Data to examine =>
== Segment start ==

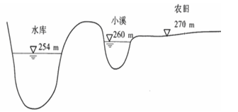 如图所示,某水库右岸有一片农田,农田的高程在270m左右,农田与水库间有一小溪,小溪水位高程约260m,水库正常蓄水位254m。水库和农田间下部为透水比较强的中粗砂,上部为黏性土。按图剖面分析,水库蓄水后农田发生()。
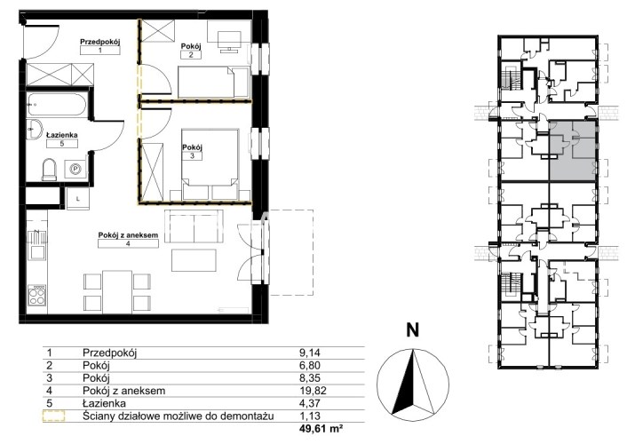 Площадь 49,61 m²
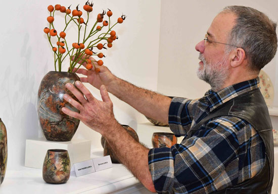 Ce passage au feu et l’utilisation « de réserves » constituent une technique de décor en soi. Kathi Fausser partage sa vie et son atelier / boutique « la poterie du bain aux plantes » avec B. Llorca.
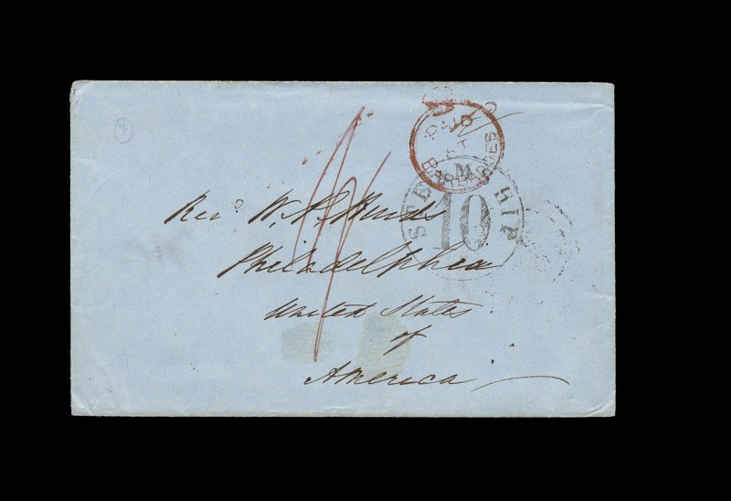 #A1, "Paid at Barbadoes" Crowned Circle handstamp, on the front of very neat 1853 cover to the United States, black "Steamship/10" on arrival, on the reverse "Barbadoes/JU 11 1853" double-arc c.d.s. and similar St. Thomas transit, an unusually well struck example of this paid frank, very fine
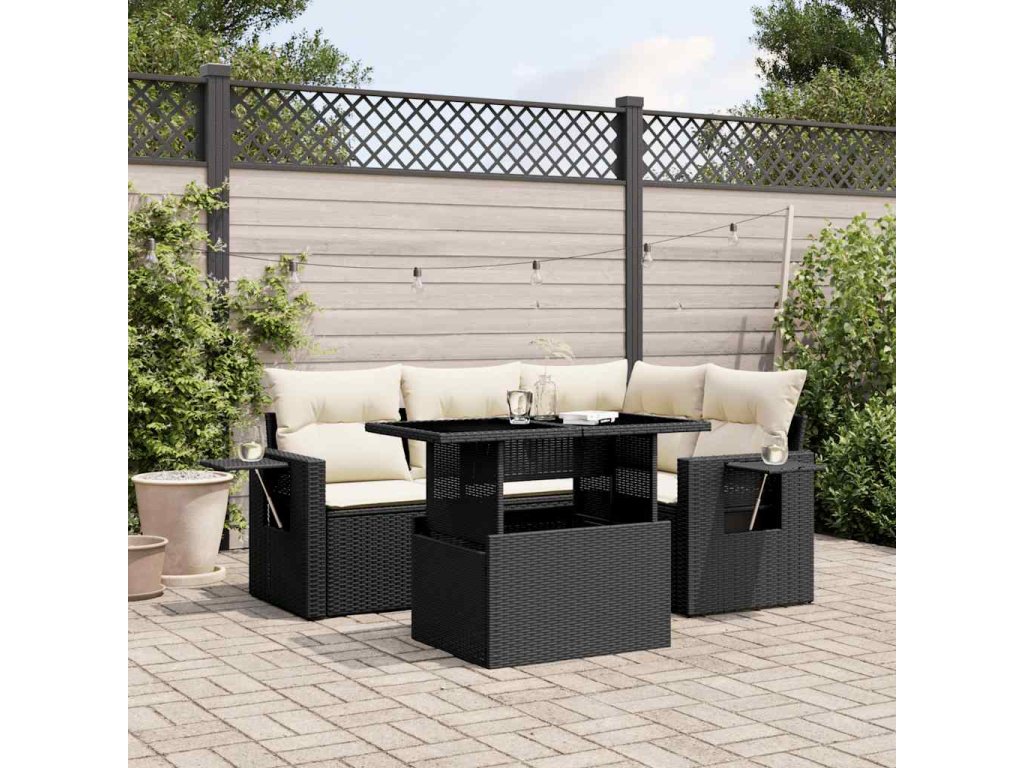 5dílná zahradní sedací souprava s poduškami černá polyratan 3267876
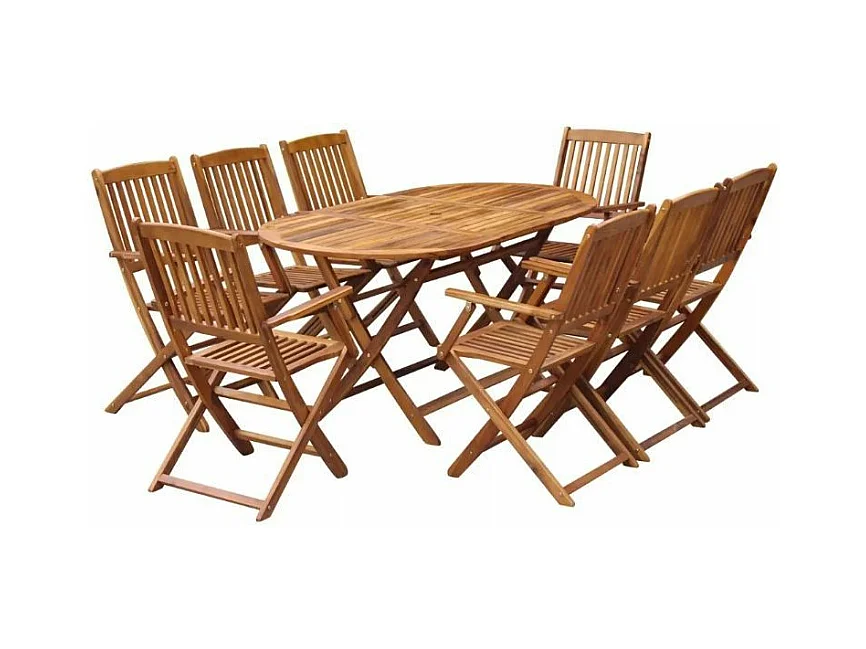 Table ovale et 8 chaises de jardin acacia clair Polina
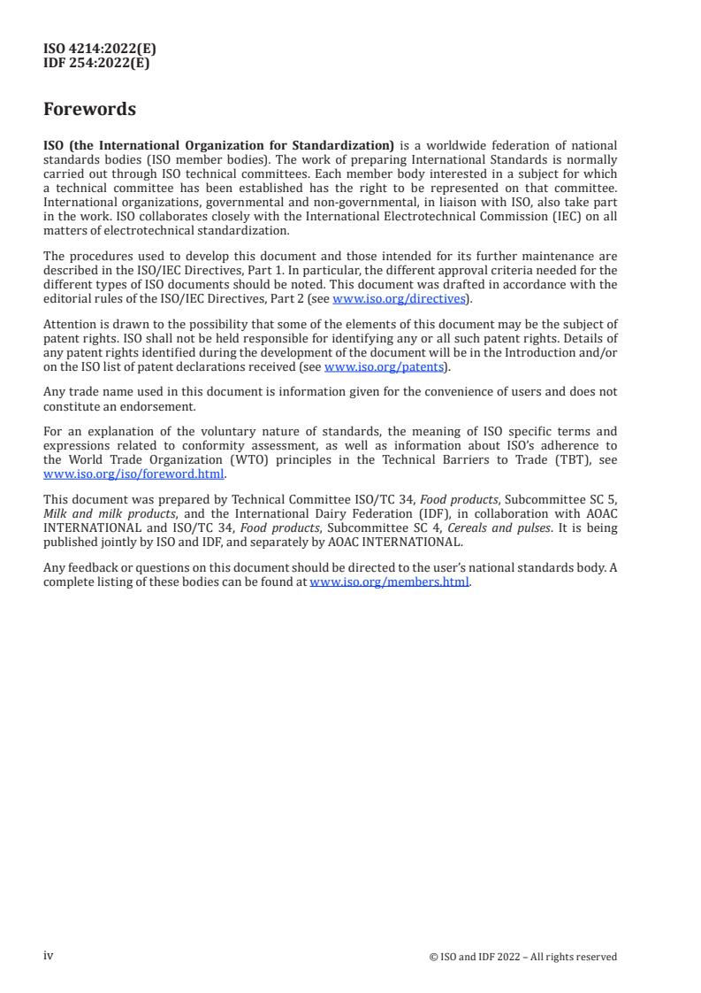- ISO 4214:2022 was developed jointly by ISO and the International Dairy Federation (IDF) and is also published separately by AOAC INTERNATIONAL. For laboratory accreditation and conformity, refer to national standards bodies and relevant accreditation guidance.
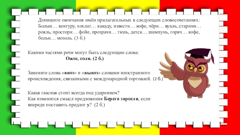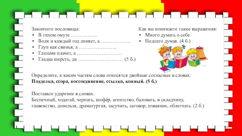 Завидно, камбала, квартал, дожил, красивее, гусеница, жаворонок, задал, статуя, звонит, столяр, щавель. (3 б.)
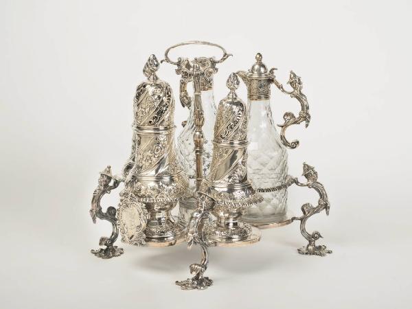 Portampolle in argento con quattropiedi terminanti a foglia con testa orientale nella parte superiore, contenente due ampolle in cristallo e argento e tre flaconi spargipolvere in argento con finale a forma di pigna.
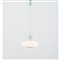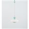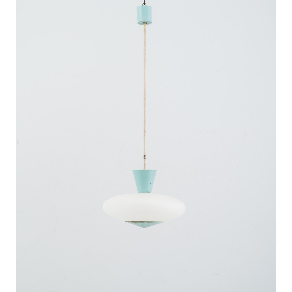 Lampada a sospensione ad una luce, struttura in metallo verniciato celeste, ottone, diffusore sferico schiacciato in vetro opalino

== Segment end ==
== Segment start ==

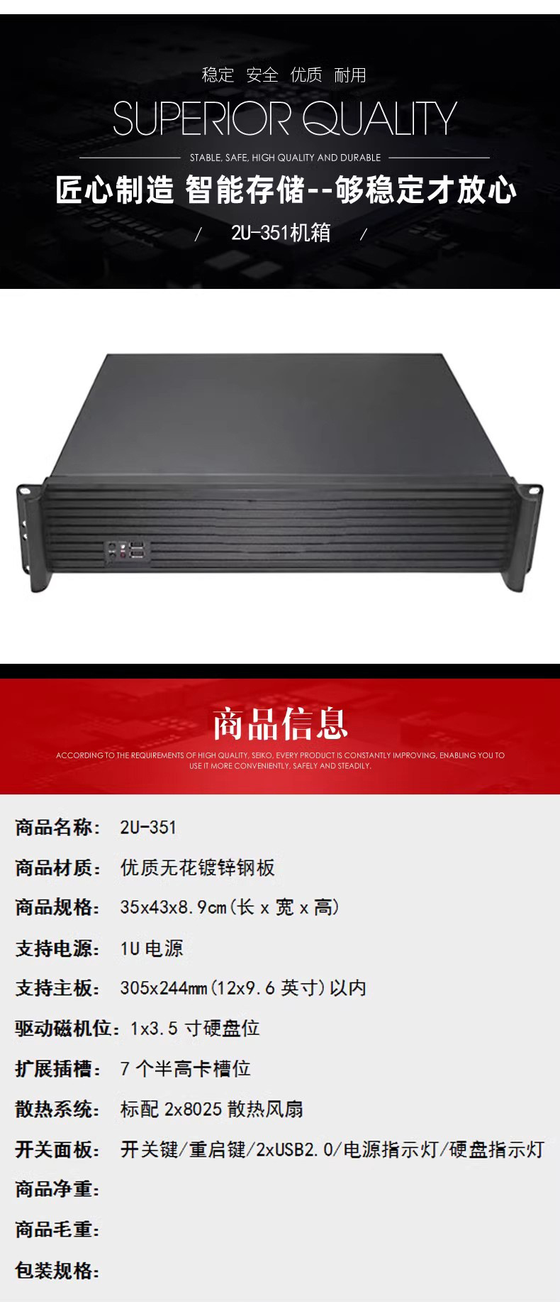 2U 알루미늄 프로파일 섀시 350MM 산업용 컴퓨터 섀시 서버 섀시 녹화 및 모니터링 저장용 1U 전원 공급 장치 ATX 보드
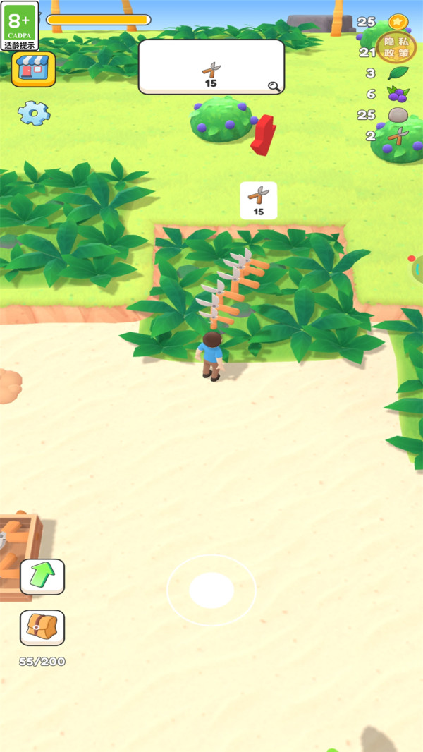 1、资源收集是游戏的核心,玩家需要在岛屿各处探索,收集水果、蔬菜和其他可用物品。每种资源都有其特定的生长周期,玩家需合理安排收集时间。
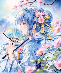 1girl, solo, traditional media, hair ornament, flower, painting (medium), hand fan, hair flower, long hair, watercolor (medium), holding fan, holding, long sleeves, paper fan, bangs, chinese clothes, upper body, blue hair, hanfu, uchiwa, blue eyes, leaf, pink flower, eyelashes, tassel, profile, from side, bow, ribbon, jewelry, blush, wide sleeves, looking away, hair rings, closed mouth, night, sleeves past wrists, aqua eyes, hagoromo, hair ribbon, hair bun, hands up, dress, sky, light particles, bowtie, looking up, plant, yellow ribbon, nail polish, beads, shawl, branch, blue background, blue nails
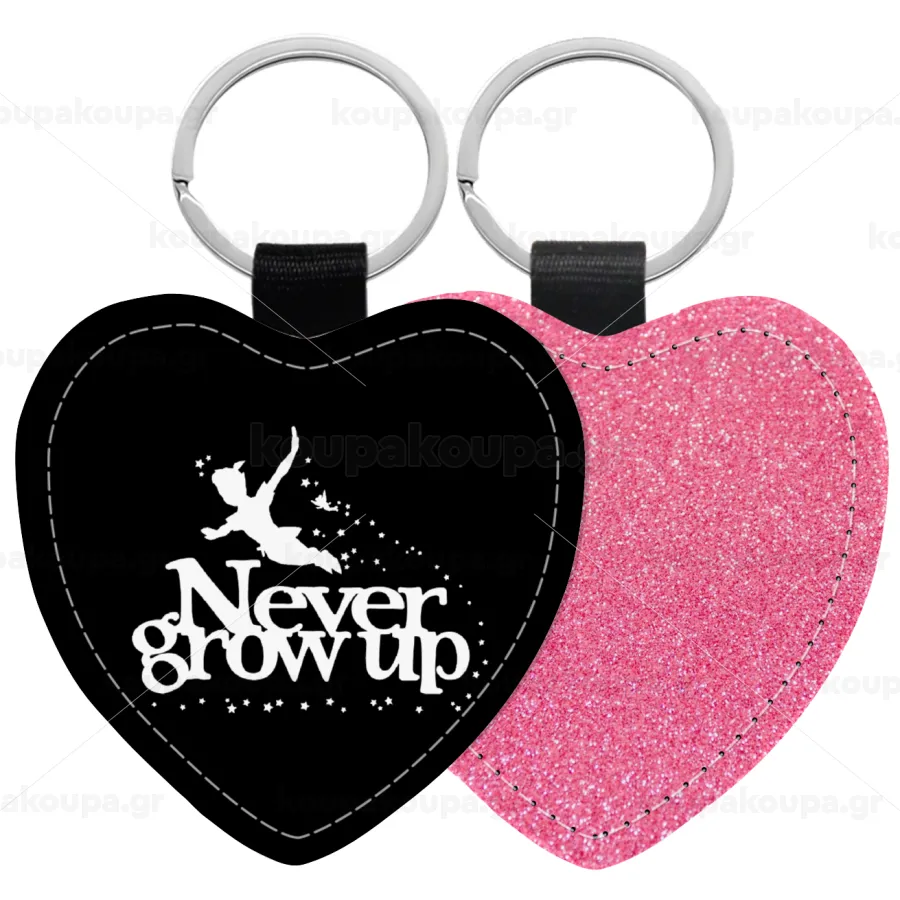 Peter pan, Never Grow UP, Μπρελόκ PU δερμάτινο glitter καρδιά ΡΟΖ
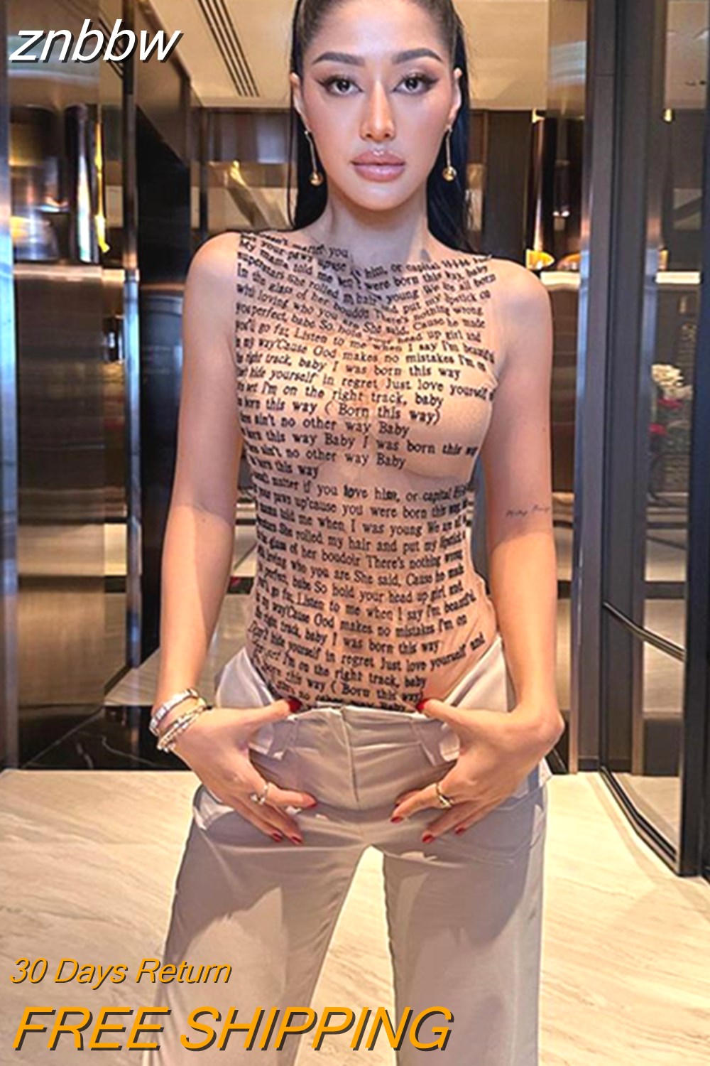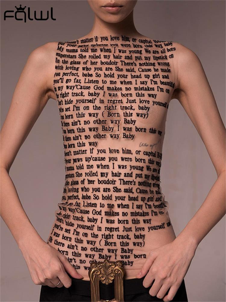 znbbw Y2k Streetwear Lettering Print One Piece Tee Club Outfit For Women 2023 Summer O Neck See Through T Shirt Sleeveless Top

== Segment end ==
== Segment start ==

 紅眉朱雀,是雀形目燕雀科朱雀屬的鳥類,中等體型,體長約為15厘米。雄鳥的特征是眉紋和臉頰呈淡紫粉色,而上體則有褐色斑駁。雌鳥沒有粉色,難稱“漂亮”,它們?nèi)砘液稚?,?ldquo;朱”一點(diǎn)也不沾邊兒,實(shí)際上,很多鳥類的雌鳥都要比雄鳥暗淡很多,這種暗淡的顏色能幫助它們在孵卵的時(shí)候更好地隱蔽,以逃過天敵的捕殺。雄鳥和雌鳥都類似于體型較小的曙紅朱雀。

== Segment end ==

Within the listing above, the stretch from the line with "Portampolle in argento" down to the line with "Lampada a sospensione" is to be given again exactly, end lines included and pictures excluded.

 Portampolle in argento con quattropiedi terminanti a foglia con testa orientale nella parte superiore, contenente due ampolle in cristallo e argento e tre flaconi spargipolvere in argento con finale a forma di pigna.
 Lampada a sospensione ad una luce, struttura in metallo verniciato celeste, ottone, diffusore sferico schiacciato in vetro opalino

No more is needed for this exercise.